The preparations of the national teams for the new season 2022/2023 are in full swing. But no team faces a greater challenge that the Ukrainian athletes, who have to solve many different problems related to the participation of the squad in international competitions.

Six biathletes of the national team: Dmytro Pidruchnyi, Artem Pryma, Bogdan Tsymbal, Anton Dudchenko, Taras Lesiuk, Denys Nasyko, and Darya Blashko, who also works with her male teammates, are having their second training camp in Oberhof. The first camp was held in Ukrainian Sianky (Lviv region), where the men’s head coach Juraj Sanitra managed to gather the main team: “For me, first of all, it was important to look into the eyes of my athletes, to understand how they look at the situation and what they think."

Sanitra, who has been working with the Ukrainian team for 6 years, recalls how unexpectedly the last season was interrupted after Beijing: “When everyone went home after the Olympics on February 21, no one thought that we would not go to the last trimester of the World Cup. Back then we already had planned on how to start working for the next Olympic cycle. But that all changed on February 24, when Russia's aggression against Ukraine began."

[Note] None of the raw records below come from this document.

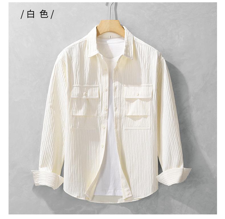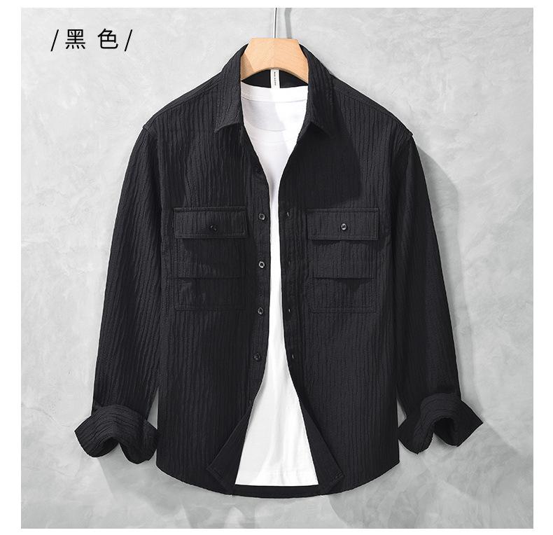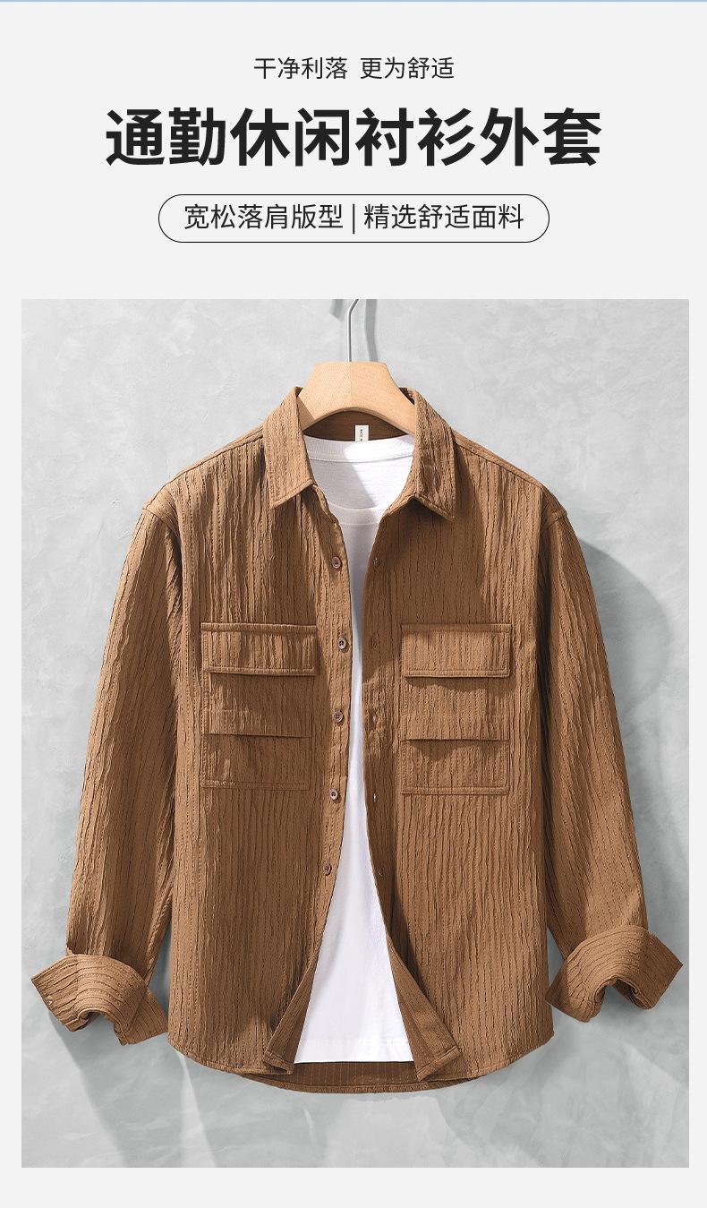 Camisa de poliéster de manga larga para hombre, nueva camisa de doble uso para primavera y otoño, tendencia simple, informal, holgada, venta directa de fábrica
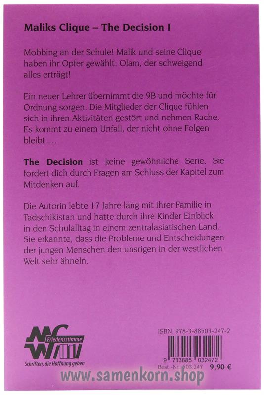 Band 1 der Serie »The Decision« (engl. die Entscheidung). Sie ist keine gewöhnliche Serie, sondern sie fordert dich auf, mitzudenken. Nach jedem Kapitel gibt es eine Frage, die dir helfen will, selber Entscheidungen fürs Leben zu treffen.
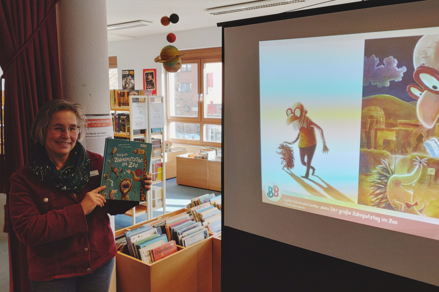 Draußen ist es immer noch kalt, aber in der Bibliothek ist es warm und gemütlich. Der perfekte Tag für das Bilderbuchkino in der Stadtteilbibliothek Hörde. Frau Bernard stellt dort heute das Kinderbuch „Großer Zahnputztag im Zoo“ von Sophie Schoenwald vor.
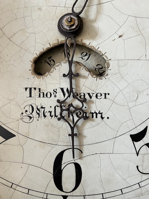 Your tall case clock, or "grandfather clock," appears to be an early 19th-century English longcase clock with a hand-painted dial signed by Thos. (Thomas) Weaver of Milham (likely a reference to Milham, England). Based on the floral decoration, Arabic numerals, moon phase aperture, and case style, here's a detailed report:
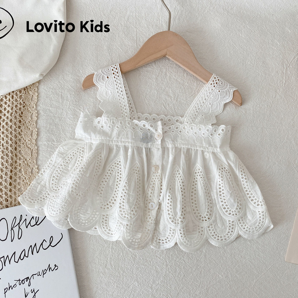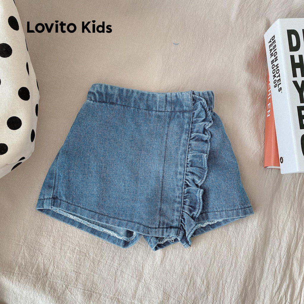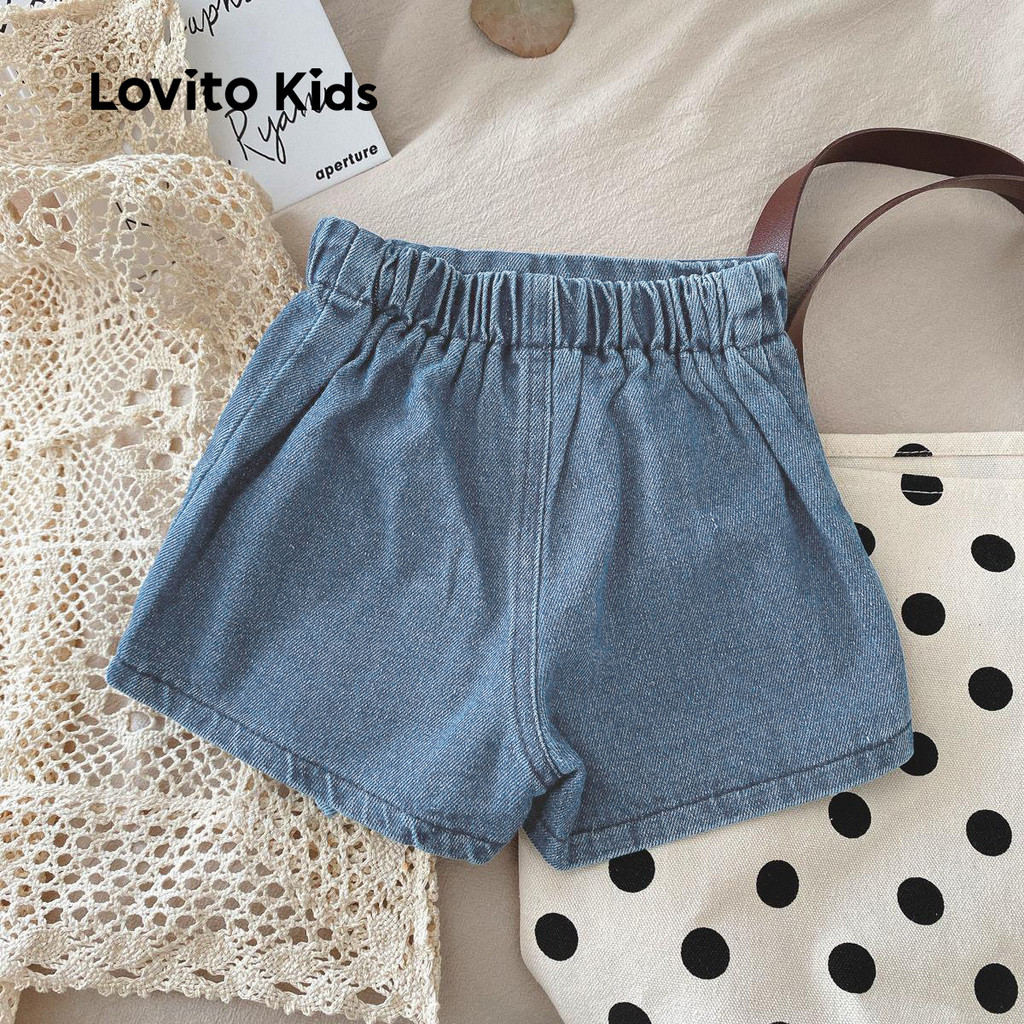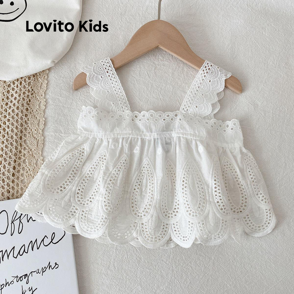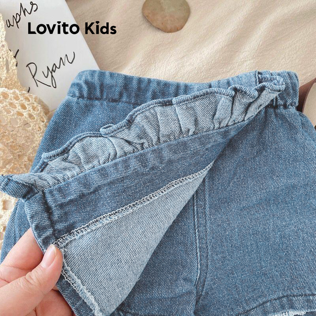 Lovito เด็ก ชุดเซ็ทขาสั้นน่ารัก แต่งลูกไม้ปัก สีตัดกัน LNL115047

The coach recalls: "In those days there was all sorts of information and phone conversations, I was very worried about all the athletes and coaches, as well as fans, which there are so many in Ukraine. I helped in any way I could. For five weeks, my athlete's family lived at my house... This is a very difficult time, and I thought for a long time about whether to continue working or not. I talked to my family and realised that I can’t leave my athletes, Ukrainian biathlon, and colleagues at a time when they need help.”

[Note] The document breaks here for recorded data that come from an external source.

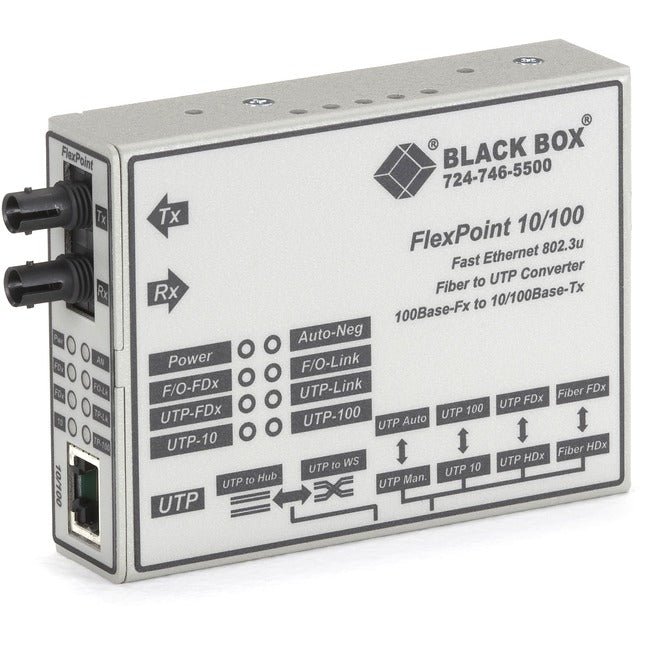 FlexPoint™ Converters from Black Box are versatile and cost-effective standalone converters that you can upgrade to a chassis-based system. They provide the ultimate in flexibility and reliability for your expanding multimedia LAN.
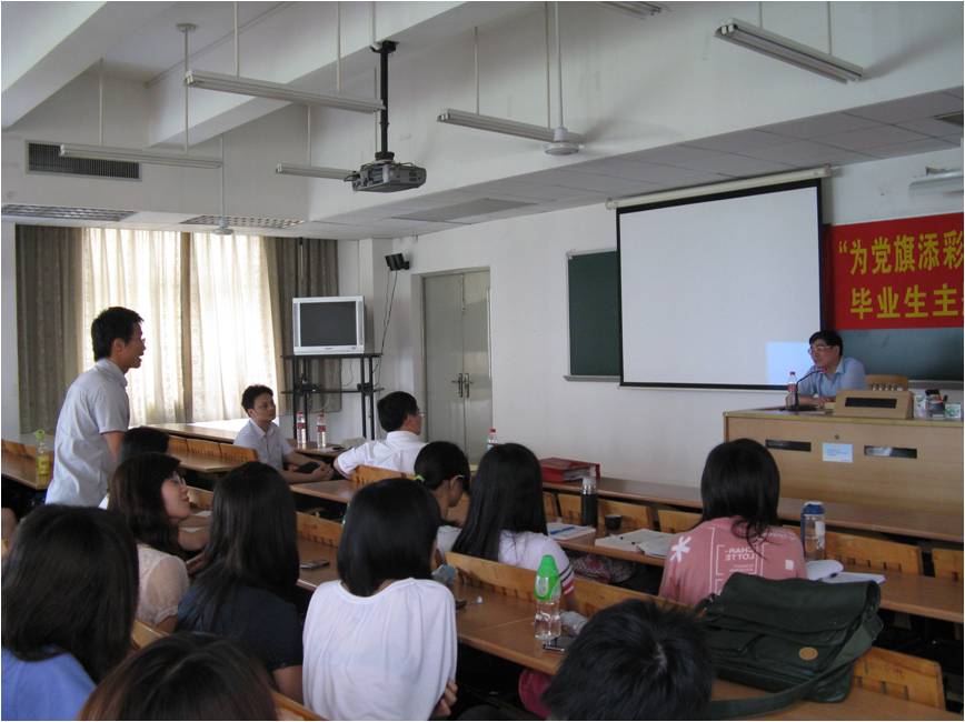 6月11号下午,由我校原党委书记、校长徐真华教授主讲,js3333线路检测中心主办的“为党旗添彩,为母校增光”毕业生主题教育活动在南校区教学楼E205举行。本次讲座由js3333线路检测中心党委书记袁长青主持,院党委副书记易宗勇、院办主任曾国华和06级毕业生及其他学生党员参加了此次活动。
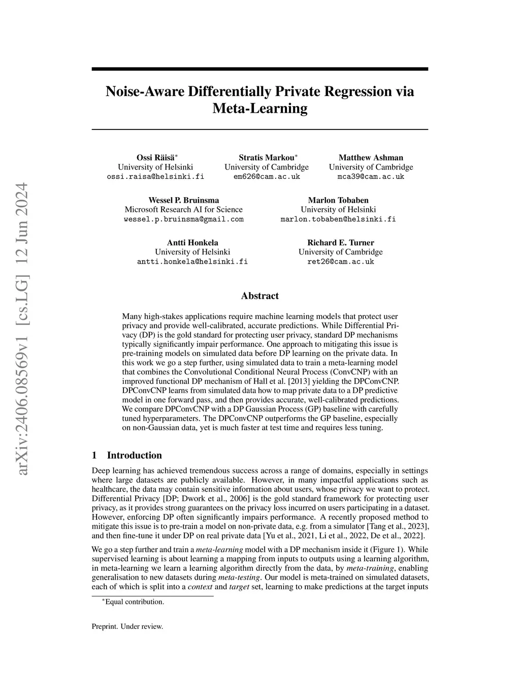 Noise-Aware Differentially Private Regression via Meta-Learning
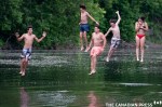 A group of young swimmers jump off a bridge into the Assomption River to cool off from the hot summer heat in Joliette, Que. on Tuesday, June 23, 2020. THE CANADIAN PRESS/Paul Chiasson
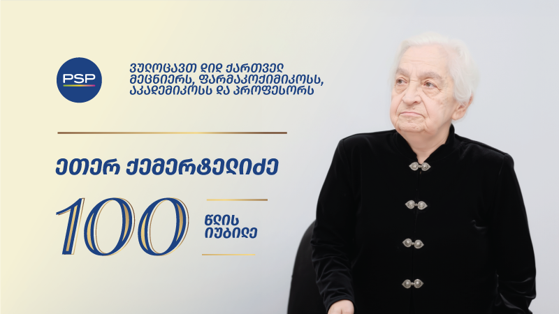 ფარმაცევტული კომპანია PSP 100 წლის იუბილეს ულოცავს დიდ ქართველ მეცნიერს, ფარმაკოქიმიკოსს, აკადემიკოსსა და პროფესორს, ქალბატონ ეთერ ქემერტელიძეს

Sanitra does not know what will happen tomorrow, but he is sure that biathlon has existed and will exist in Ukraine, so he continues to work persistently.

In order to come to Germany for a training camp, it was necessary to solve one main issue: obtaining permission that would allow biathletes to leave Ukraine. The country is at war and many of the athletes were in service either in the Armed Forces of Ukraine (AFU) or in the National Guard: “We were constantly in touch and together we thought about how to work further, - the coach says. I know that almost right after Beijing, the guys were called up to perform army tasks.

Of course, you can feel a shortage in training, but I can see in their eyes that they are ready to do the hardest training work to be well prepared. After all, this is their opportunity to show that Ukraine is a strong country and can have its own position in the world. And sport is a good form of presenting your country in the world.”

When Sanitra decided to work with the Ukrainian team, first he thought about the moral state of his athletes; he worried that some personal problems might interfere because everyone has families and relatives in Ukraine, and no one knows what can happen at any moment. The main task he faces today is to fill in the gaps in the training of all team members who have not had the opportunity to train for almost two months: “Ukrainian top biathletes are now in different stages of preparation for the season. We did a very good job in terms of volume and quantity in the previous Olympic cycle. And I think that we will manage to do everything if we work according to the programme that we have for the summer period; it will help to raise the guys to a good level.”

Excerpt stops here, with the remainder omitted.